I had to use rocksdb repair tool before because the rocksdb files got corrupted, for another reason (another bug possibly). Maybe that is why now it crash loops, although it ran fine for a day.
What is meant with "turn it off and rebuild from remainder"?
Am Samstag, 5. Oktober 2019, 02:03:44 OESZ hat Gregory Farnum <gfarnum@xxxxxxxxxx> Folgendes geschrieben:
Hmm, that assert means the monitor tried to grab an OSDMap it had on
disk but it didn't work. (In particular, a "pinned" full map which we
kept around after trimming the others to save on disk space.)
That *could* be a bug where we didn't have the pinned map and should
have (or incorrectly thought we should have), but this code was in
Mimic as well as Nautilus and I haven't seen similar reports. So it
could also mean that something bad happened to the monitor's disk or
Rocksdb store. Can you turn it off and rebuild from the remainder, or
do they all exhibit this bug?
On Fri, Oct 4, 2019 at 5:44 AM Philippe D'Anjou
<danjou.philippe@xxxxxxxx> wrote:
>
> Hi,
> our mon is acting up all of a sudden and dying in crash loop with the following:
>
>
> 2019-10-04 14:00:24.339583 lease_expire=0.000000 has v0 lc 4549352
> -3> 2019-10-04 14:00:24.335 7f6e5d461700 5 mon.km-fsn-1-dc4-m1-797678@0(leader).paxos(paxos active c 4548623..4549352) is_readable = 1 - now=2019-10-04 14:00:24.339620 lease_expire=0.000000 has v0 lc 4549352
> -2> 2019-10-04 14:00:24.343 7f6e5d461700 -1 mon.km-fsn-1-dc4-m1-797678@0(leader).osd e257349 get_full_from_pinned_map closest pinned map ver 252615 not available! error: (2) No such file or directory
> -1> 2019-10-04 14:00:24.343 7f6e5d461700 -1 /build/ceph-14.2.4/src/mon/OSDMonitor.cc: In function 'int OSDMonitor::get_full_from_pinned_map(version_t, ceph::bufferlist&)' thread 7f6e5d461700 time 2019-10-04 14:00:24.347580
> /build/ceph-14.2.4/src/mon/OSDMonitor.cc: 3932: FAILED ceph_assert(err == 0)
>
> ceph version 14.2.4 (75f4de193b3ea58512f204623e6c5a16e6c1e1ba) nautilus (stable)

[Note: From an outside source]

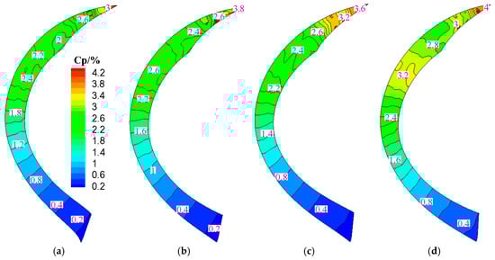 4.3. Influence of Tip Clearance on Pressure Fluctuation in the Guide Vane

> 1: (ceph::__ceph_assert_fail(char const*, char const*, int, char const*)+0x152) [0x7f6e68eb064e]
> 2: (ceph::__ceph_assertf_fail(char const*, char const*, int, char const*, char const*, ...)+0) [0x7f6e68eb0829]
> 3: (OSDMonitor::get_full_from_pinned_map(unsigned long, ceph::buffer::v14_2_0::list&)+0x80b) [0x72802b]
> 4: (OSDMonitor::get_version_full(unsigned long, unsigned long, ceph::buffer::v14_2_0::list&)+0x3d2) [0x728c82]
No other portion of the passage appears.